# What is expected
Reproduce the data below exactly. Skip the pictures.

# Source information
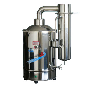 蒸餾水器是用電加熱自來(lái)水制取純水。化驗(yàn)室等部門使用蒸餾水器一般都是采用優(yōu)質(zhì)的不銹鋼材料,經(jīng)過(guò)特殊處理后加工而成。這樣不僅充分保證了蒸餾水的質(zhì)量,而且也大大提高了使用壽命。
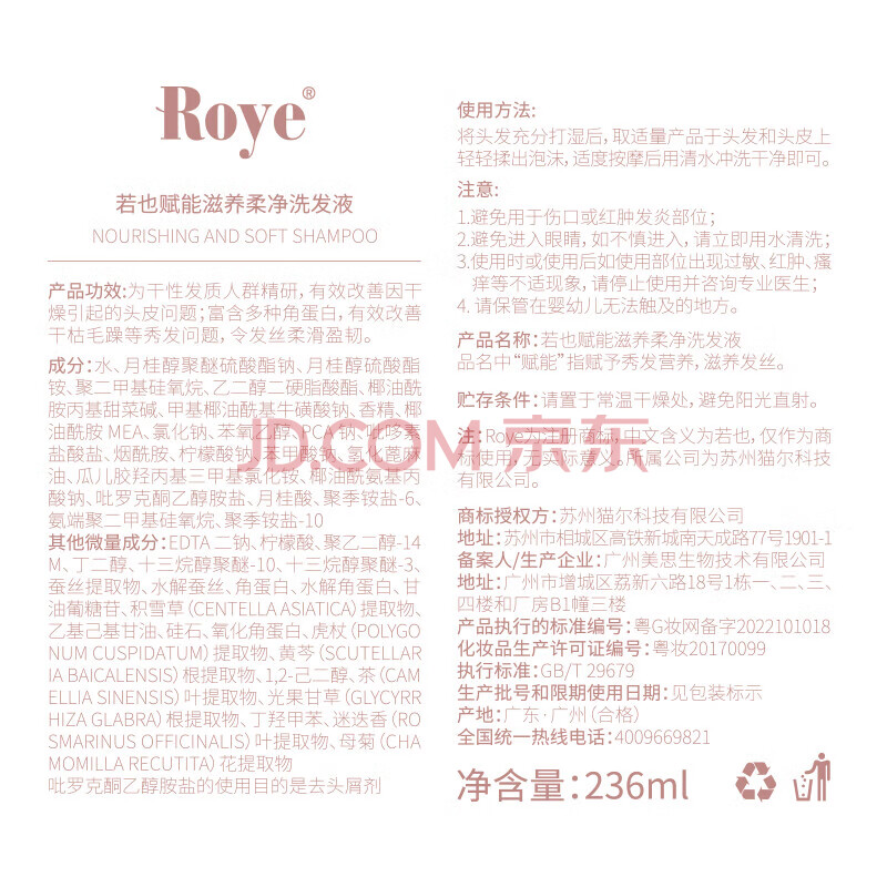 商品相册:roye若也【龚俊同款】角蛋白洗发水柔顺发丝亮泽锁水改善毛躁236ml第
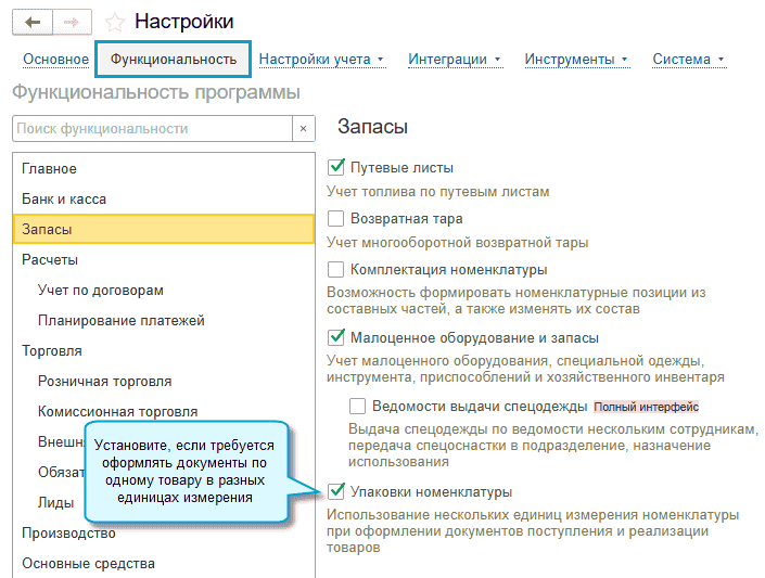 Простой интерфейс: меню «Настройки - Функциональность – Запасы».
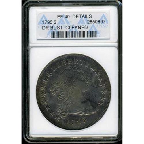 <b>1795 Draped Bust Dollar. Centered bust. ANACS graded Details of EF40 DR Bust Cleaned.</b> BB-52 with the bust properly placed on the die. Cleaned and recolored at one time but the underlying detail is consistent with Extremely Fine quality, including nice, problem-free rims <b>(PCGS # 6858)</b> <i>
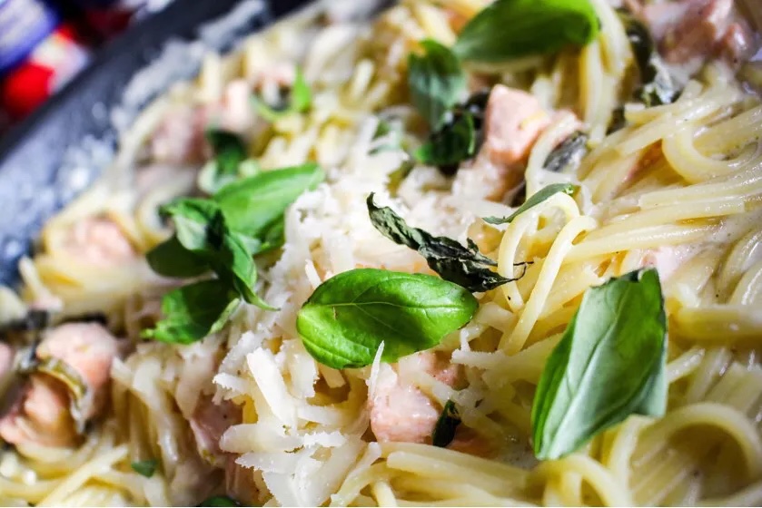 Åh den här laxpastan älskar jag. Den är härligt lite samtlig av parmesanen och lite syrligt från citronen. Riktigt mums!
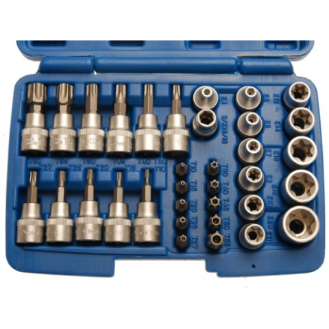 Króm-vanádium acélból készül;Matt króm bevonat.A készlet tartalma:11 db Torx bitfej, 10 mm (3/8), 75 mm-es hossz: T10 - T15 - T20 - T25 - T27 - T30 - T40 - T45 - T50 - T55 - T6010 db biztonsági (fúrt) Torx bit, 8 mm (5/16): T10 - T15 - T20 - T25 - T27
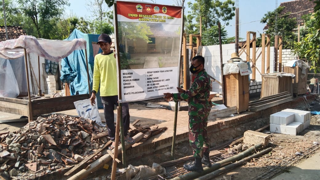 Pati –Satgas Pra TMMD Reguler ke-111 Kodim 0718/Pati besama masyarakat merenovasi Rumah Tidak Layak Huni (RTLH) milik Safari (52) dengan perkembangan 15 persen di Desa Tamansari,Kecamatan Jaken, Kabupaten Pati. sebagai bukti kesungguhan TNI bersama rakyat, implementasinya ada dalam program TNI Manunggal Membangun Desa (TMMD). Bahwa salah satu bukti nyata yang dikerjakan Satgas TMMD bersama masyarakat. Senin (14/06/2021).
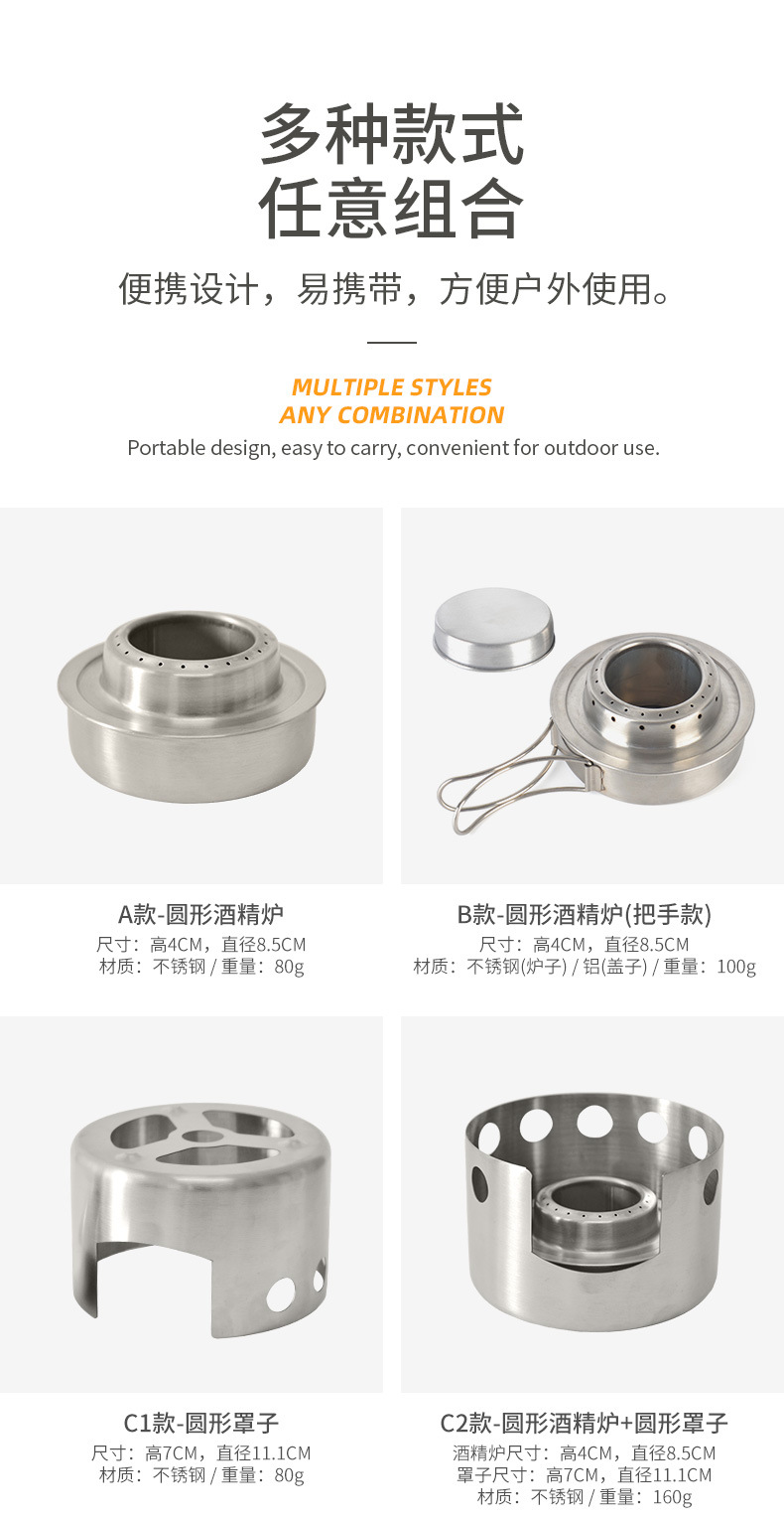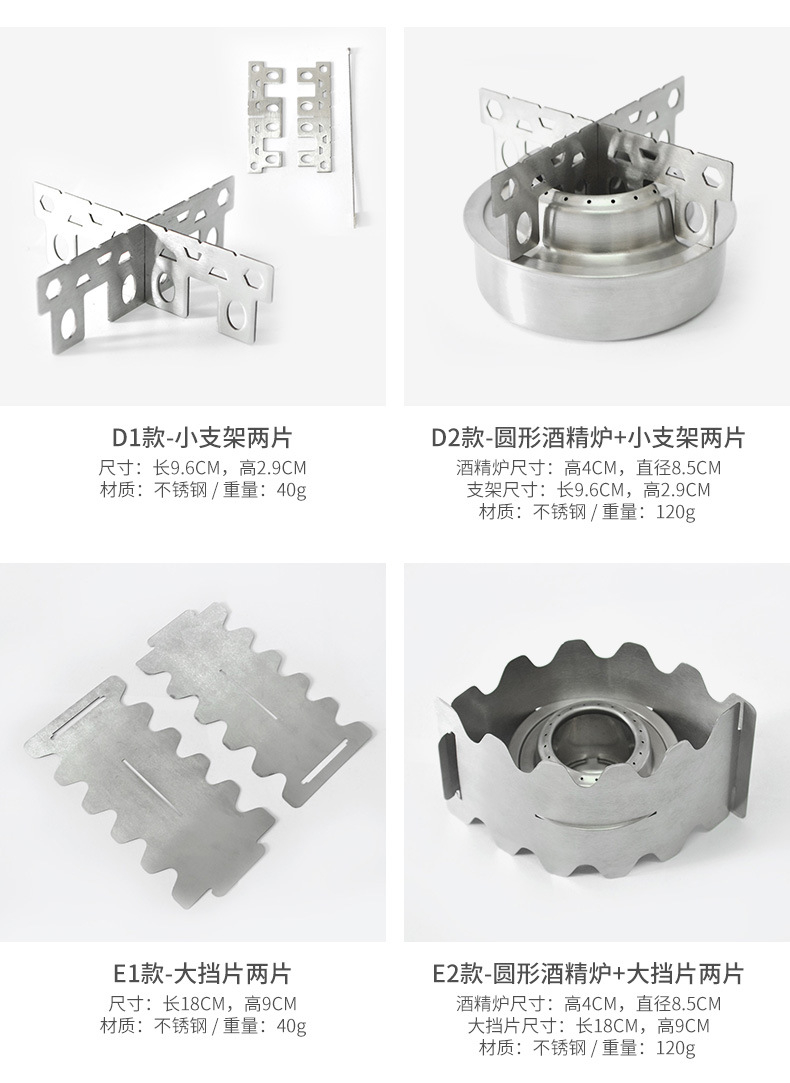 야외 다양한 알코올 스토브, 휴대용 스테인레스 스틸 알코올 스토브, 피크닉 및 캠핑 소형 스토브, 윈드 쉴드 스탠드 스토브스토어 가기
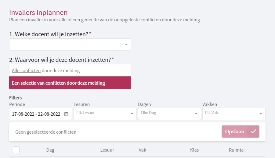 Let op; bij het selecteren van een invaller wordt er geen rekening gehouden met de beschikbaarheid van die invaller. De invaller wordt voor alle (geselecteerde) conflicten ingepland.
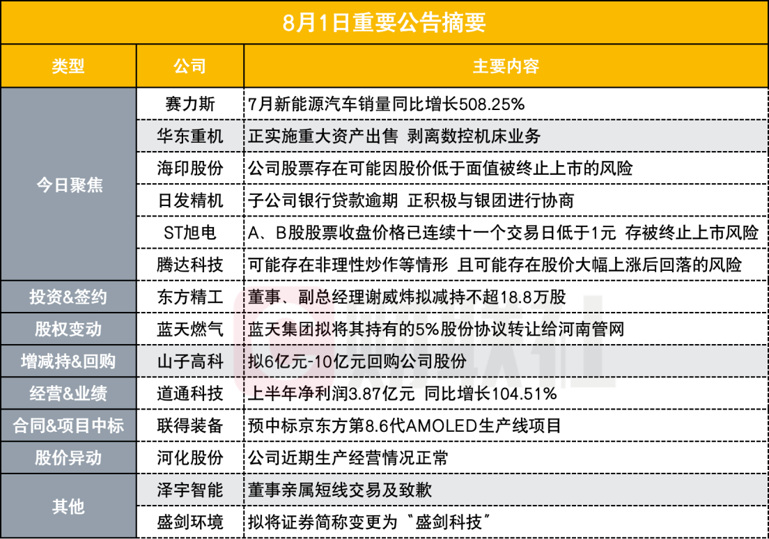 海印股份公告,截至8月1日,公司股票收盘价为0.77元/股,已连续18个交易日低于1元。公司股票存在可能因股价低于面值被终止上市的风险。
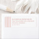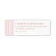 These return address labels feature a minimalist design with soft pink and white hues, creating an elegant and sophisticated look. The layout includes vertical stripes on the left side, adding texture to the clean composition, while the text is arranged hierarchically in a modern sans-serif font for clarity and style. Perfect for formal occasions, these labels convey a refined atmosphere through their use of negative space and subtle colour contrasts, making them ideal for those who appreciate understated elegance.
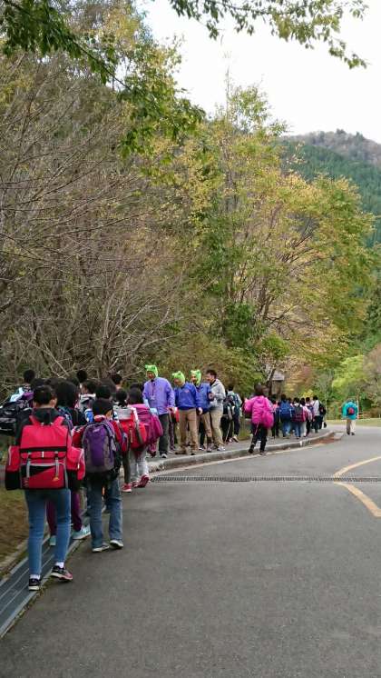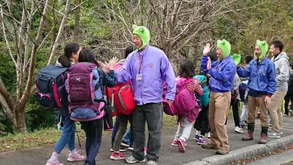 山の家の職員の方々が,花背山の家のマスコットキャラクター「ハナコロ」に扮して,見送ってくださいました。
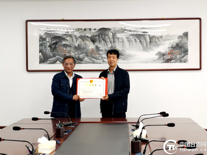 晉中市臺(tái)辦主任張國(guó)新將《山西零點(diǎn)倍增產(chǎn)業(yè)園運(yùn)營(yíng)管理有限公司營(yíng)業(yè)執(zhí)照》交到臺(tái)灣青年聯(lián)合會(huì)融媒體中心主任洪盛興手中。(圖片來(lái)源:晉中市臺(tái)辦)
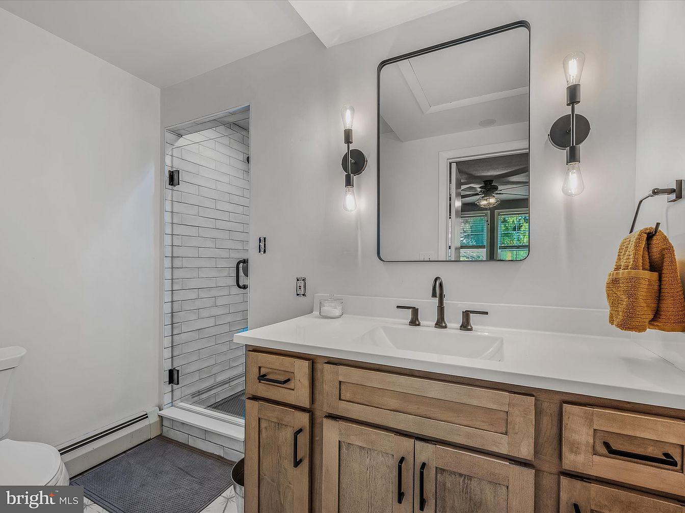 This bathroom features a clean, modern design with neutral tones. A wooden vanity with black hardware anchors the space, topped by a smooth white countertop with an integrated sink. Above the sink hangs a large rectangular mirror framed in black, flanked by two contemporary wall sconces with exposed bulbs, adding a stylish industrial touch. To the left, a glass-enclosed shower with white subway tiles and dark grout creates a bright, fresh focal point. The walls are painted a crisp white, and a mustard-colored towel on a metal ring adds a subtle pop of color against the understated palette.
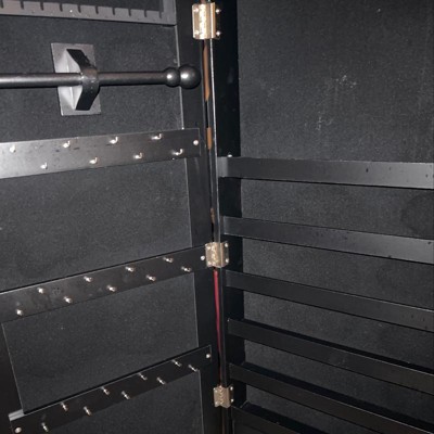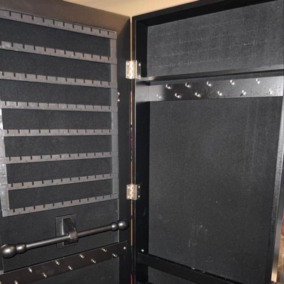 Our jewelry cabinet contains the best secret a woman dreams of! Get all your jewelry out and untangled your necklaces for your very last time before organizing them in this gorgeous mirror. Its inside is made of a protective gray fabric lining to prevent your jewelry from getting scratched and it has room for your earrings, necklaces, rings and more. Moreover, you could also keep your makeup inside, making your everyday beauty routine of getting ready easier and faster! It features lockable function, the equipped lock with keys safely keeps your valuables stored. And last but not least:the mirror is adjustable. It has 3 angle tilting positions, choose your favorite angle for a better view. Don't hesitate to add it to your cart!
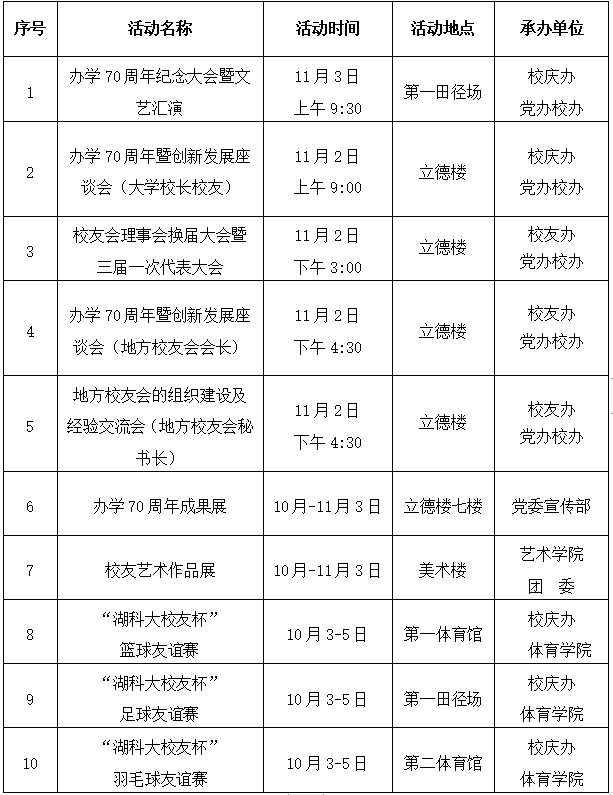 自70周年校庆筹备工作正式启动以来,学校坚持以“思源致远 聚力奋进”为主题,本着热烈、简朴的原则,开展了系列校庆活动,在校内外产生了广泛影响。为了进一步回顾办学历程,总结办学经验,展示办学成就,谋划未来发展,献礼祖国华诞,学校将继续举办纪念办学70周年活动。根据上级文件要求,学校对校庆部分主要活动时间进行调整,将于2019年11月3日上午举办“湖南科技大学办学70周年纪念大会暨文艺汇演”。现将校庆期间主要活动、教学院联系方式和校庆捐赠有关事宜公告如下。
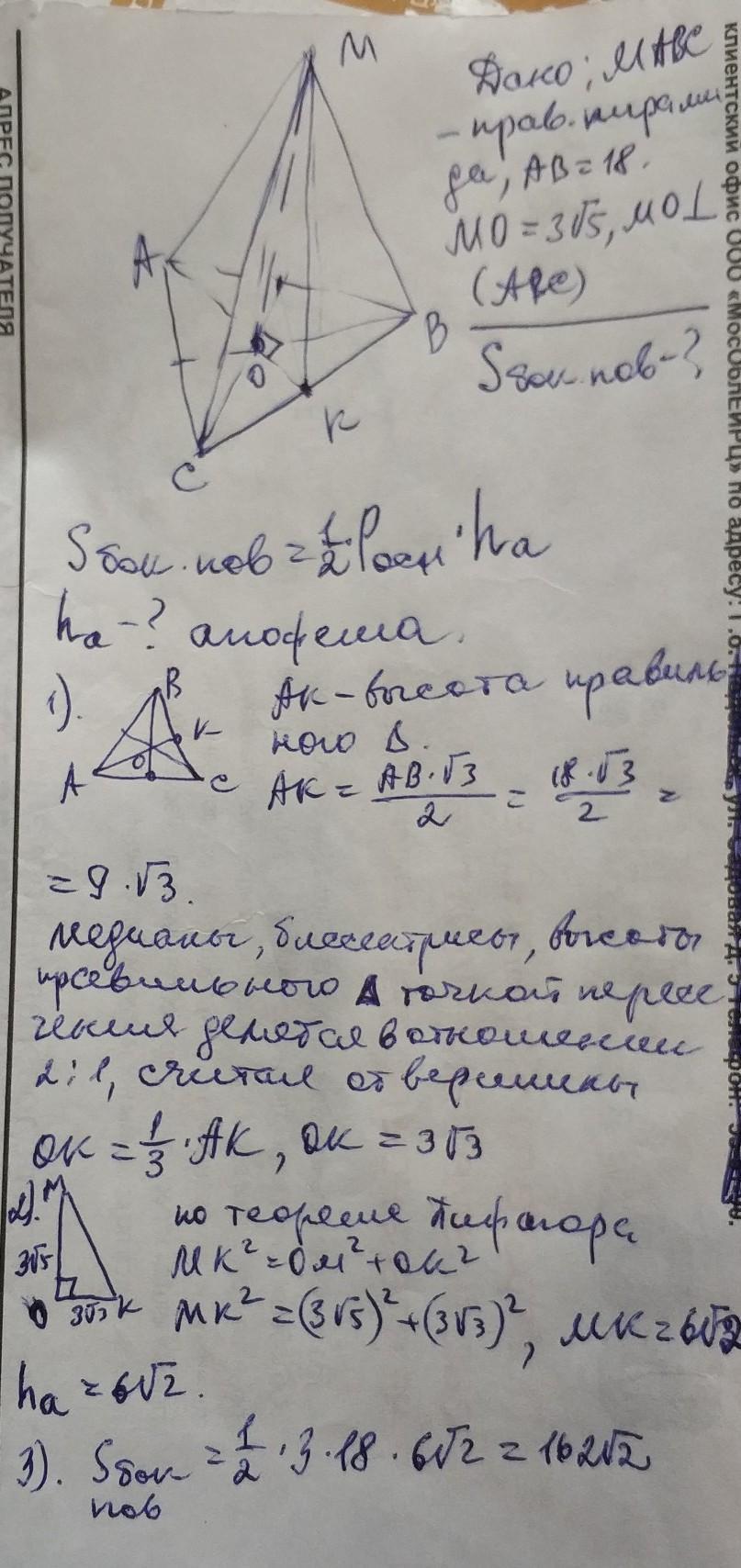 Сторона основания правильной треугольной пирамиды равна 18 , а высота пирамиды равна 3√5

# Response for this exercise
 蒸餾水器是用電加熱自來(lái)水制取純水。化驗(yàn)室等部門使用蒸餾水器一般都是采用優(yōu)質(zhì)的不銹鋼材料,經(jīng)過(guò)特殊處理后加工而成。這樣不僅充分保證了蒸餾水的質(zhì)量,而且也大大提高了使用壽命。
 商品相册:roye若也【龚俊同款】角蛋白洗发水柔顺发丝亮泽锁水改善毛躁236ml第
 Простой интерфейс: меню «Настройки - Функциональность – Запасы».
 <b>1795 Draped Bust Dollar. Centered bust. ANACS graded Details of EF40 DR Bust Cleaned.</b> BB-52 with the bust properly placed on the die. Cleaned and recolored at one time but the underlying detail is consistent with Extremely Fine quality, including nice, problem-free rims <b>(PCGS # 6858)</b> <i>
 Åh den här laxpastan älskar jag. Den är härligt lite samtlig av parmesanen och lite syrligt från citronen. Riktigt mums!
 Króm-vanádium acélból készül;Matt króm bevonat.A készlet tartalma:11 db Torx bitfej, 10 mm (3/8), 75 mm-es hossz: T10 - T15 - T20 - T25 - T27 - T30 - T40 - T45 - T50 - T55 - T6010 db biztonsági (fúrt) Torx bit, 8 mm (5/16): T10 - T15 - T20 - T25 - T27
 Pati –Satgas Pra TMMD Reguler ke-111 Kodim 0718/Pati besama masyarakat merenovasi Rumah Tidak Layak Huni (RTLH) milik Safari (52) dengan perkembangan 15 persen di Desa Tamansari,Kecamatan Jaken, Kabupaten Pati. sebagai bukti kesungguhan TNI bersama rakyat, implementasinya ada dalam program TNI Manunggal Membangun Desa (TMMD). Bahwa salah satu bukti nyata yang dikerjakan Satgas TMMD bersama masyarakat. Senin (14/06/2021).
 야외 다양한 알코올 스토브, 휴대용 스테인레스 스틸 알코올 스토브, 피크닉 및 캠핑 소형 스토브, 윈드 쉴드 스탠드 스토브스토어 가기
 Let op; bij het selecteren van een invaller wordt er geen rekening gehouden met de beschikbaarheid van die invaller. De invaller wordt voor alle (geselecteerde) conflicten ingepland.
 海印股份公告,截至8月1日,公司股票收盘价为0.77元/股,已连续18个交易日低于1元。公司股票存在可能因股价低于面值被终止上市的风险。
 These return address labels feature a minimalist design with soft pink and white hues, creating an elegant and sophisticated look. The layout includes vertical stripes on the left side, adding texture to the clean composition, while the text is arranged hierarchically in a modern sans-serif font for clarity and style. Perfect for formal occasions, these labels convey a refined atmosphere through their use of negative space and subtle colour contrasts, making them ideal for those who appreciate understated elegance.
 山の家の職員の方々が,花背山の家のマスコットキャラクター「ハナコロ」に扮して,見送ってくださいました。
 晉中市臺(tái)辦主任張國(guó)新將《山西零點(diǎn)倍增產(chǎn)業(yè)園運(yùn)營(yíng)管理有限公司營(yíng)業(yè)執(zhí)照》交到臺(tái)灣青年聯(lián)合會(huì)融媒體中心主任洪盛興手中。(圖片來(lái)源:晉中市臺(tái)辦)
 This bathroom features a clean, modern design with neutral tones. A wooden vanity with black hardware anchors the space, topped by a smooth white countertop with an integrated sink. Above the sink hangs a large rectangular mirror framed in black, flanked by two contemporary wall sconces with exposed bulbs, adding a stylish industrial touch. To the left, a glass-enclosed shower with white subway tiles and dark grout creates a bright, fresh focal point. The walls are painted a crisp white, and a mustard-colored towel on a metal ring adds a subtle pop of color against the understated palette.
 Our jewelry cabinet contains the best secret a woman dreams of! Get all your jewelry out and untangled your necklaces for your very last time before organizing them in this gorgeous mirror. Its inside is made of a protective gray fabric lining to prevent your jewelry from getting scratched and it has room for your earrings, necklaces, rings and more. Moreover, you could also keep your makeup inside, making your everyday beauty routine of getting ready easier and faster! It features lockable function, the equipped lock with keys safely keeps your valuables stored. And last but not least:the mirror is adjustable. It has 3 angle tilting positions, choose your favorite angle for a better view. Don't hesitate to add it to your cart!
 自70周年校庆筹备工作正式启动以来,学校坚持以“思源致远 聚力奋进”为主题,本着热烈、简朴的原则,开展了系列校庆活动,在校内外产生了广泛影响。为了进一步回顾办学历程,总结办学经验,展示办学成就,谋划未来发展,献礼祖国华诞,学校将继续举办纪念办学70周年活动。根据上级文件要求,学校对校庆部分主要活动时间进行调整,将于2019年11月3日上午举办“湖南科技大学办学70周年纪念大会暨文艺汇演”。现将校庆期间主要活动、教学院联系方式和校庆捐赠有关事宜公告如下。
 Сторона основания правильной треугольной пирамиды равна 18 , а высота пирамиды равна 3√5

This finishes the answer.